Baudolino
Book Review (Umberto Eco)
One of the few upsides of being sick for a couple of days is that I feel justified in not doing ‘work’ and instead reading fiction. That’s what enabled me to finish reading Baudolino, which I had picked up over the summer holiday and got hooked on.
If there are two literary authors I’m willing to read over and over, it’s Camus and Eco. I think I’ve read all of Eco’s novels, and many of them more than once. My favourite will always be Name of the Rose, his first and most famous.
But let’s talk about Baudolino. (All?) Eco’s novels tend to do the same thing, in that they mix a bit of detective fiction, alongside conspiracy-theory-thinking, historical worlds mixed with the almost fantastical, very high level in-character-discussion of philosophy and theology, and a recurrent interest in the relationship between signs and signified, truth and fiction; oh, and comedy.
That’s probably why I enjoy them so much. So rich in these things. In the case of Baudolino, we are introduced to the main character (Baudolino, of course) as a liar, an inventor of tales. Baudolino is there, rescuing Niketas, a high government official, during the sack of Constantinople in 1204. Baudolino tells us (and Niketas) just so much - that he is a notorious teller of lies, weaver of stories, and then proceeds to tell us his story. How can we trust that any of it is true?
Of course, the story that follows interweaves with true history, or at least true history as we know it. Baudolino becomes attached to Frederick I Barbarossa, Holy Roman Emperor, and goes on his own adventures across France, Italy, and into the East. Within those stories, Baudolino is also inventing stories. Notably, the letter from Prester John.
Prester John, if you don’t know, was a mythical Christian king and priest who ruled lands far to the East, in opulence and peace. There is a real (fake, forged) letter from Prester John to the Byzantine Emperor, and so indeed Eco is playing off real history to create fake history, but that is part of the point.
One thing I love is how one of Anselm’s proofs for God, that he is “that than which nothing greater can be conceived” is applied by Baudolino and his friends to Prester John’s kingdom - it must exist because it is imagined to exist, and so it must be imagined to be the best in every way, so that it must exist.
Over the course of the novel, Baudolino’s involvement turns eastward.
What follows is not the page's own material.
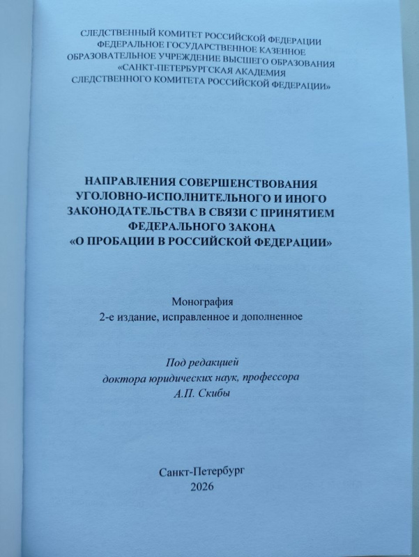 Под редакцией декана факультета подготовки научно-педагогических кадров и организации научно-исследовательской работы Санкт-Петербургской Академии Следственного Комитета Российской Федерации, члена Союза криминалистов и криминологов, доктора юридических наук, профессора Андрея Петровича Скибы в издательстве «ИНФРА-М» опубликована коллективная монография «Направления совершенствования уголовно-исполнительного и иного законодательства в связи с принятием федерального закона «О пробации в Российской Федерации».

In the end, he accompanies Frederick on Crusade to the Holy Land, and there Frederick dies. This begins the real whodunnit part of the story, since Frederick dies in mysterious circumstances, and amidst mechanical wonders and conflicting stories. The novel then turns further eastward, and draws upon travelogue literature, not least the Romance of Alexander, as Baudolino and companions travel to a mythical far east in search of Prester John’s kingdom.
The novel concludes, mostly, with Baudolino’s return west, to Constantinople, the wrapping up of loose ends, the solving of the mysterious murder, and a denouement. But of course, the question always lingers, what’s true, and what does it matter? Eco is a thorough-going post-modernist, and I love him for it. The past might be a foreign country, and Eco takes us there, but both his story, and Baudolino’s, and all our stories, are beautiful fictions. Just as we are treated within the novel to multiple accounts of Frederick’s death, unable to discern which is a true account, each more plausible than the last, each an explanation fit to the facts, so too the past is a country we construct from our stories, to fit our present.
One of the things I have appreciated about Eco is something that has grown over the years, as I’ve come to know the sources he plumbs and utilises. Perhaps that’s more apparent in Name of the Rose, his most famous novel. I’m sure I read it first in my early 20s, and saw the film version with Sean Connery. But as I’ve re-read it over the years, and become a Latinist, and conversant with medieval theology, I appreciate all the more the in-character discussions. This was brought home on my most recent reading, when the discussions about Jesus’ poverty, and the medieval distinction between the possession of a thing and the possession of use of a thing were things I had read in Aquinas a short time earlier.
So, too, in Baudolino. My knowledge of medieval history, theology, and ancient travelogue literature has all grown immensely over the years, and so Eco’s foreign country of the fabled past has also grown more familiar, and thus more fun to visit.
Baudolino as a character struggles to disentangle what he sees and what he wants to see, what he believes to be true and what he wants to be true, and what others want to be true he often makes true. As much as this is about postmodernity and narratology, it’s also psychological. We narrate ourselves into a story of ourselves, give meaning and retell stories until they become truer. It’s also about our stories writ large. Sometimes fiction is true, and history a kind of lie. Baudolino is a playful novel that (re)minds us of the (inevitable) gap between the sign and the signified.
“It was a beautiful story. Too bad no one will find out about it.”
“You surely don’t believe you’re the only writer of stories in this world. Sooner or later, someone— a greater liar than Baudolino—will tell it.